The reports followed a Centre for Policy Studies paper that recommended such a move, alongside a wider use of cloud computing and decentralised IT systems.

Much more here:

http://www.ehiprimarycare.com/news/5066/davis:_privatising_records_%27dangerous%27

Before we go rushing in to signing up the public to PEHRs we would want to be certain the information was not going into some nebulous cloud – but that it is in a secure, inaccessible, un-data-minable environment where the terms of service were such that the public would be entirely comfortable to have their information stored by whoever provided the service.

I suspect that may mean that only local, well established and technically very sophisticated providers will want to be involved and that if we want long term reliability and security there are going to be real costs! I think most would also like to be sure their information is actually held in Australia.

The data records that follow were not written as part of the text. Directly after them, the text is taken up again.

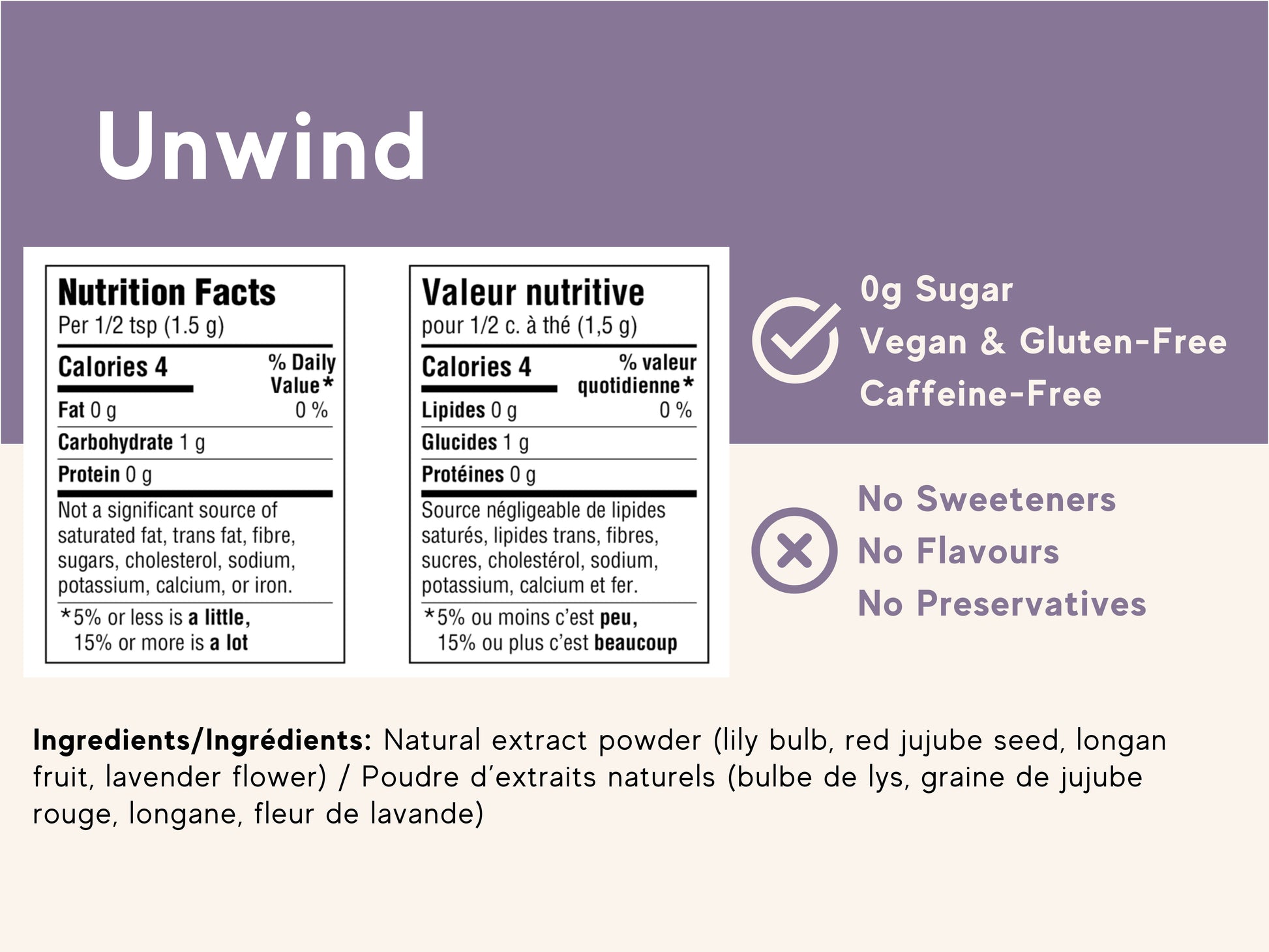 Sip on Unwind before bedtime and experience the harmony of restful sleep and a bright, balanced start to your day.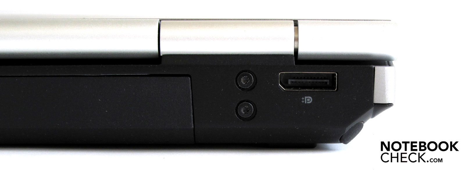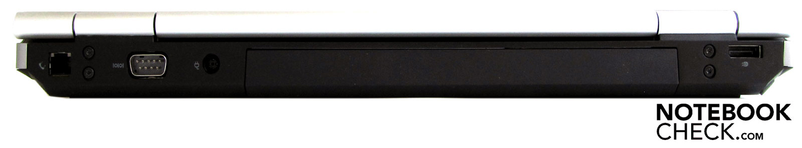 Für den Sound besitzt das Notebook zwei Klinkenbuchsen, die sich zum einen für einen Kopfhörer und zum anderen mit einem Mikrofon nutzen lassen. Neben dem DVD-Brenner ist die RJ45-LAN-Buchse vorzufinden. Schaut man jetzt ums Eck auf die Rückseite, kommen die Anschlüsse fürs Modem, RS232, Power und links außen der Displayport zum Vorschein.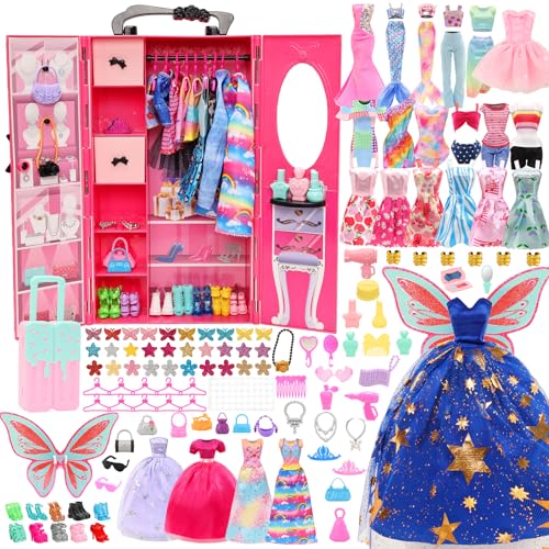 Yutoy Dressing Doll - Garderob Set-dockor, med garderobskläder, med prinsessdocka, skor, tillbehör, garderob docka med tillbehör och kläder och mega omklädningsrum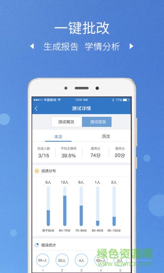 3.一键批改测试题目,自动生成测试结果,显示正确率、成绩和错题统计;

I am as keen as the next man to have patients be able to keep track of their health information and to have ownership of that information but this is not as simple as it is made out and as I have discussed in previous blogs, while be case for provider used EHRs / EMRs is robust, the same simply is not the case for PEHRs.

Commentators who do not grasp the difference, and the implications of those differences, really should not be leaping into print.

I also think it will be very important to think through the various interfacing and communications issues as well as ensuring that clinician workflow is not made problematic during information transmission etc. Timing of just when information is sent from the EHR to the PEHR may need careful thought.

Additionally, I think that any penalty regime to foster information sharing is likely to simply be counter-productive. The architects of a final plan need to think much more ‘outside the box’ to come up with an approach that works and the clinicians are comfortable with.

Can I also suggest that the economic fundamentalist approach of this commentator may not be the best way to move e-Health forward.

The idea of the PEHR is possibly a very good one but we do need to think carefully about how we go about it for the benefit of all. This needs to be fully thought through and all the wrinkles identified and resolved.

Hasten slowly.

David.

Tuesday, July 28, 2009

Now We Have the NHHRC Report - What Has to Happen Next?

Well it has been a big 24 hours for e-Health in OZ and I suspect many of us are now asking the question “what next?”.

There has been a lot of press coverage of yesterday’s release. Typical of the e-Health coverage have been the following:

NHHRC reboots e-health plan

Karen Dearne | July 28, 2009

AUSTRALIA'S e-health strategy has been endorsed by the National Health and Hospitals Reform Commission, which also puts the federal government back in the driver's seat after disastrous delays through the Council of Australian Governments process.

"We want our future health system to be powered by the smart use of data and enabled by the electronic flow of essential information between individuals and health professionals," the commission says.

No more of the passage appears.